Бесполезно объяснять Генриху, что он не вызывал его, подумал Херефорд. Не только бесполезно, но и опасно, потому как вызов был мудрым и своевременным. Он должен был сделать это по своей собственной воле, так же, как и по своей воле должен был предложить мир Стефану. Гордость и честь ничего сейчас не значат. Не будь Вильям бесчестным, Уоллингфорд и Уорчестер пали бы.
Сейчас Уорчестер опять у де Бошана, но не ценой его усилий, пролитой крови, а из-за того, что Вильям и Роберт Лестер надоумили Мейлана забрать золото и покинуть замок, как только Стефан снимет осаду. Допустим, Вильям и Роберт поступили бы так до перемирия со Стефаном. Это было бы благородно, но Уоллингфорд бы пал.
Херефорд успокаивал себя подобными мудрыми мыслями, но от них почему-то воротило с души. Поскольку он был уверен, что Генрих сейчас справится и без его помощи, он будет просто выполнять свои обязанности.
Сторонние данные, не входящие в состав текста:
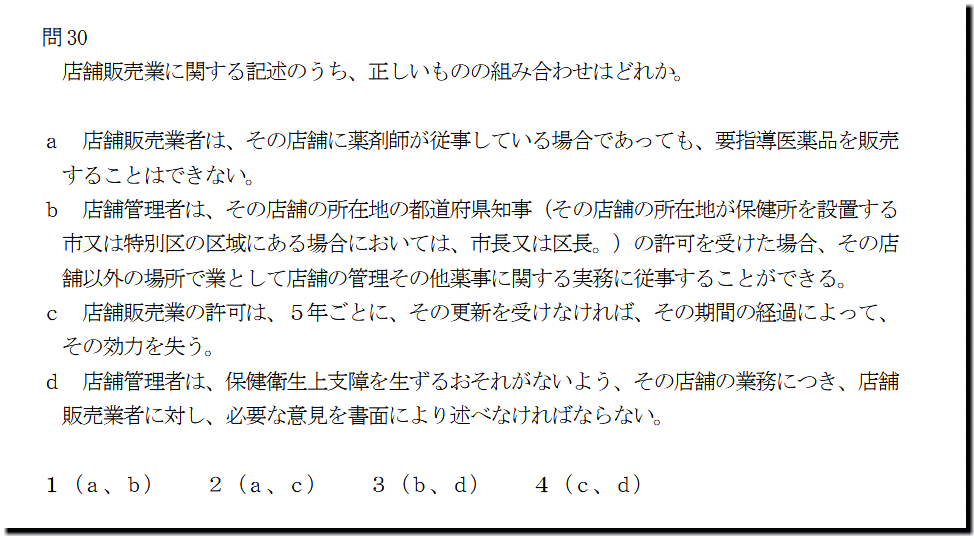 本問は、「法規」の「店舗販売業」についての問題です。難しいところはありません。基礎・基本事項の出題です。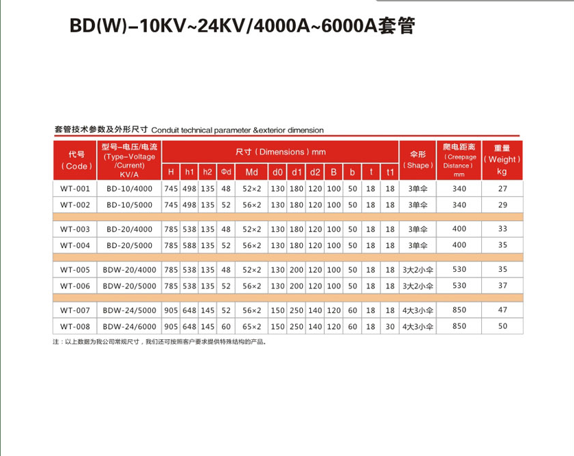 BD(W)-10KV~24KV/4000A~6000A变压器套管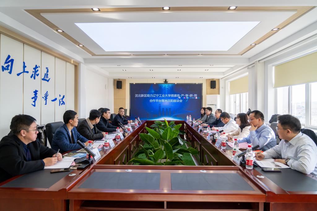 12月6日,沈北新区助力beat365英国官方网站搭建政-产-学-研-用合作平台落地沈阳座谈会在学校第三教学楼八楼会议室举行,沈北新区辉山开发区管委会副主任王晓宇、相关部门负责人及辽宁智慧运载中试基地、高校成果转化企业代表参加座谈会。校党委书记钱英伟、副校长刘艳军及相关部门、学院负责人参加座谈会。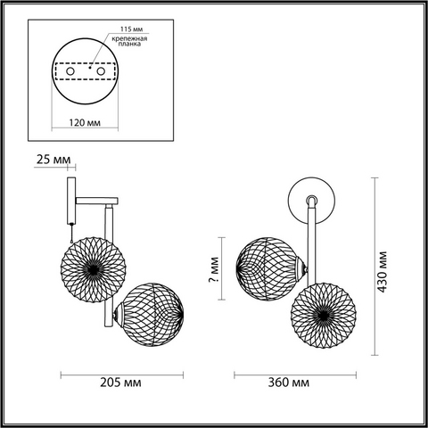 | Направление абажуров/плафонов | В стороны |

Херефорд увидел искорки возмущения в глазах человека, который, вне всякого сомнения, станет новым королем.
— Эта демонстрация силы мне не нравится. Я не.. буду возглавлять чужеземных разбойников, грабящих мою страну.
— Роджер, ты сведешь меня с ума. Ты же знаешь, как ненадежны вера и настроения большинства английских пэров. Кроме тебя, все будут трусливо выжидать, пока не увидят, на чьей стороне сила, и только тогда на что-нибудь решатся. Приди я гол и одинок, как прежде, одна половина поддержит Стефана, другая останется в стороне. Если они почувствуют мою мощь, то присоединятся ко мне. Клянусь, я отправлю свои отряды обратно, как только увижу, что мои позиции здесь крепки. Теперь ты доволен? Я клятв на ветер не бросаю…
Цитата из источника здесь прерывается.